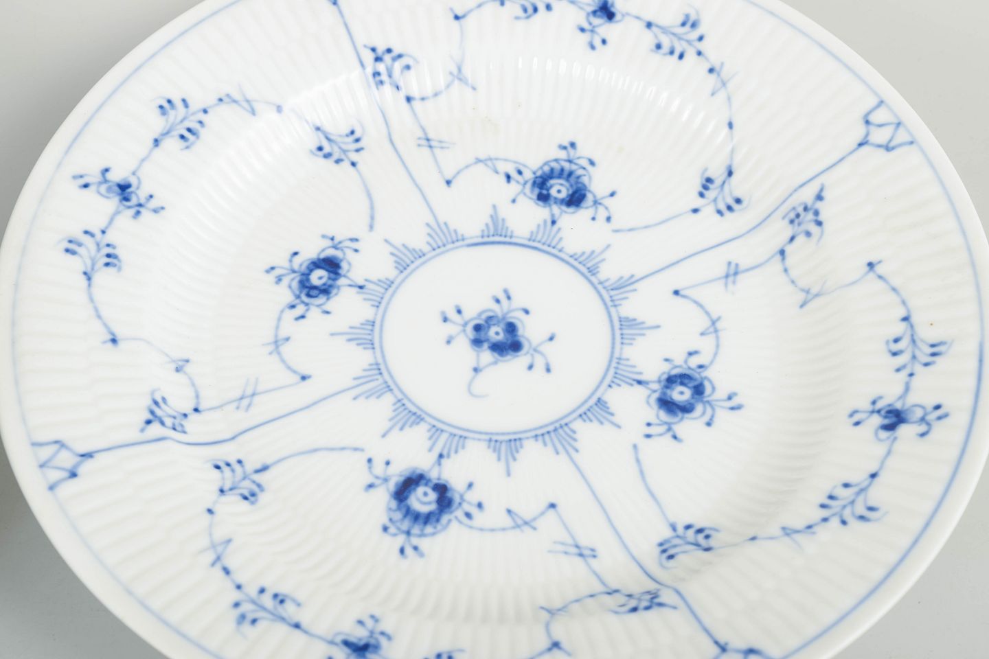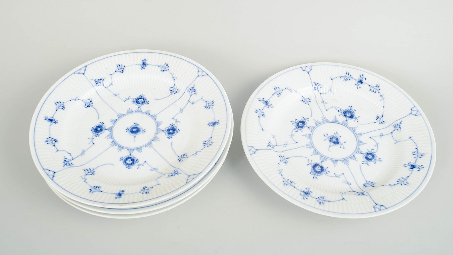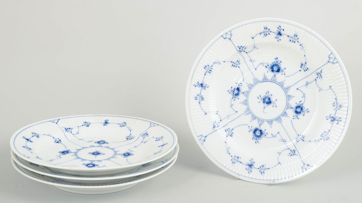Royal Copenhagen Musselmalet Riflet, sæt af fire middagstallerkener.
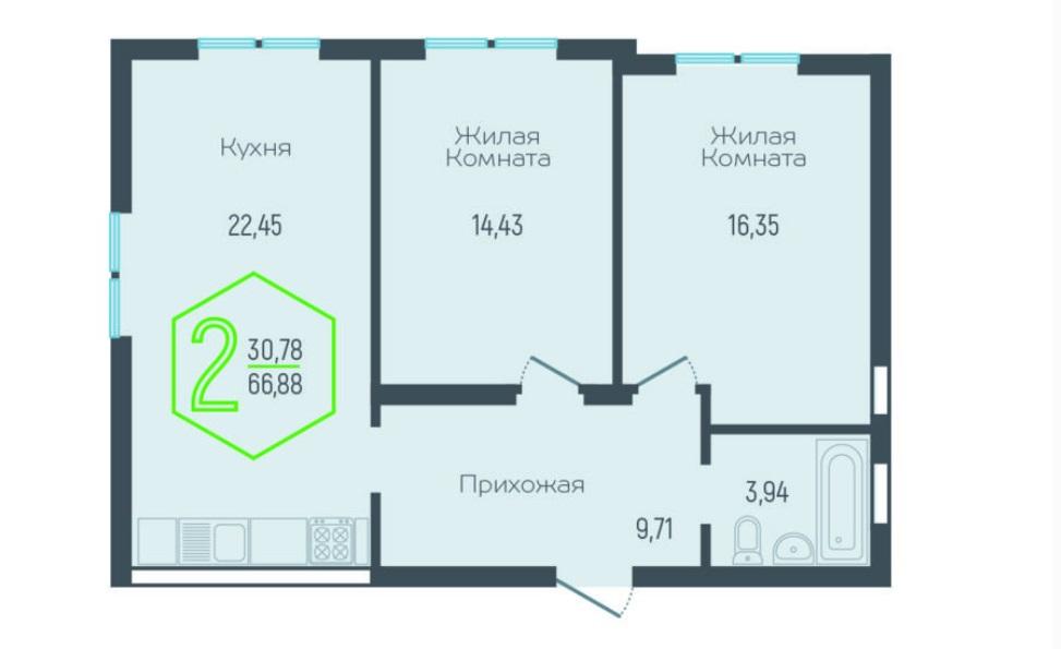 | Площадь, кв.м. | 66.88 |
---
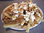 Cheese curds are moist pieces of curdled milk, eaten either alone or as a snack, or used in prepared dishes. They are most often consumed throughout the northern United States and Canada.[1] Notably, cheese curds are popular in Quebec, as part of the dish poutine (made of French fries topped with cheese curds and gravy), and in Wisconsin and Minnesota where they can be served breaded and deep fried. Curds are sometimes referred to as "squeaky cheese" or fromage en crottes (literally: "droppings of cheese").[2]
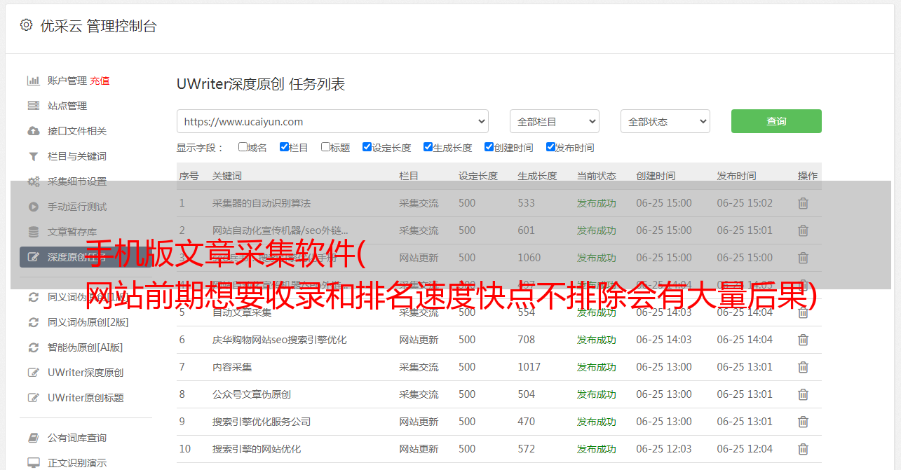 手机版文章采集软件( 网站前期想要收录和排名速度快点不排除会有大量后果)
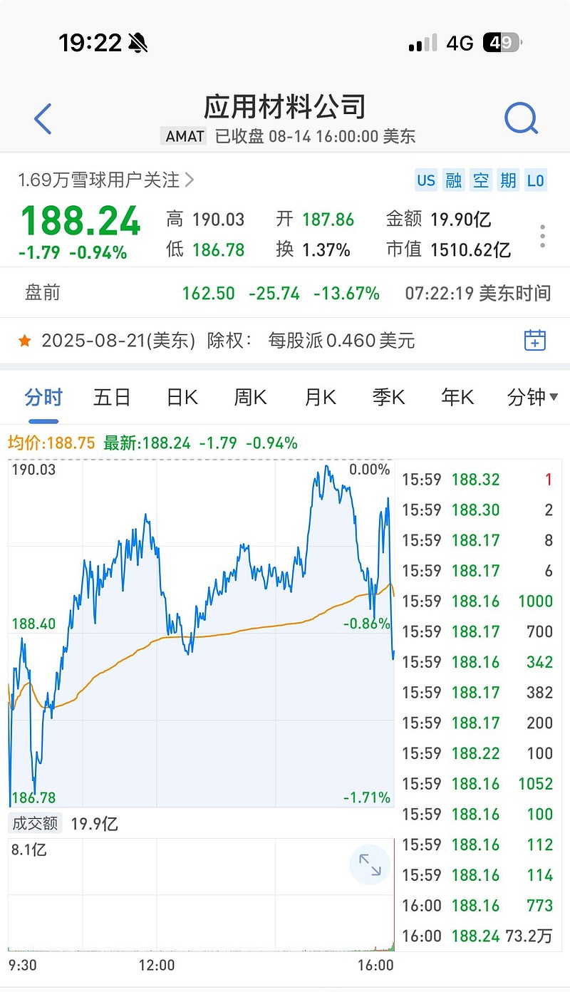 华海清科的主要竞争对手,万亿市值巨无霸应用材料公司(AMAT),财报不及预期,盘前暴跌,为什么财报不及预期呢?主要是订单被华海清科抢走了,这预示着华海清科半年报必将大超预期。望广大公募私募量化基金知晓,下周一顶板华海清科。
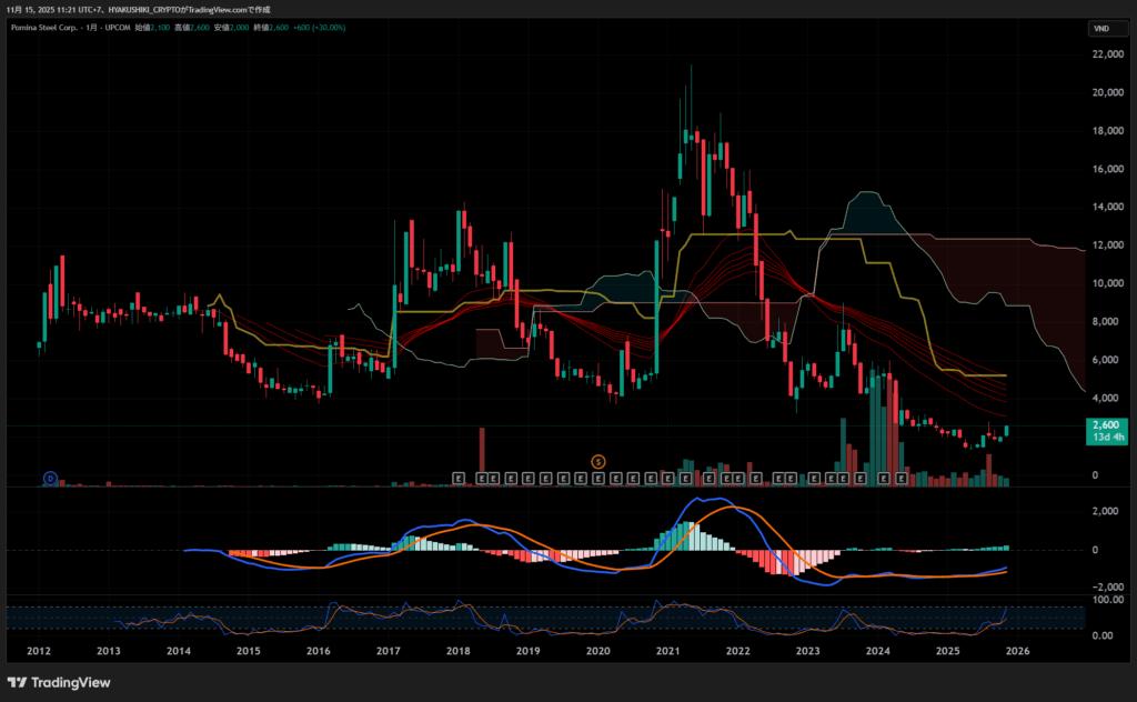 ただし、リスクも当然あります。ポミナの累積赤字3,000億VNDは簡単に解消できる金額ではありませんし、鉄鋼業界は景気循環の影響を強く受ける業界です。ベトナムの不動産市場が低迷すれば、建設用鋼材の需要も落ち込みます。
==
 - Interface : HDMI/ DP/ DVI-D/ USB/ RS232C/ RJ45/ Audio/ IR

Aim of the task
Using the data above, output the line that has "Royal Copenhagen Musselmalet", the line that has "кв.м. | 66.88 |", and whatever lines fall between, each exactly as it stands and without pictures.

Solution for this exercise
Royal Copenhagen Musselmalet Riflet, sæt af fire middagstallerkener.
 | Площадь, кв.м. | 66.88 |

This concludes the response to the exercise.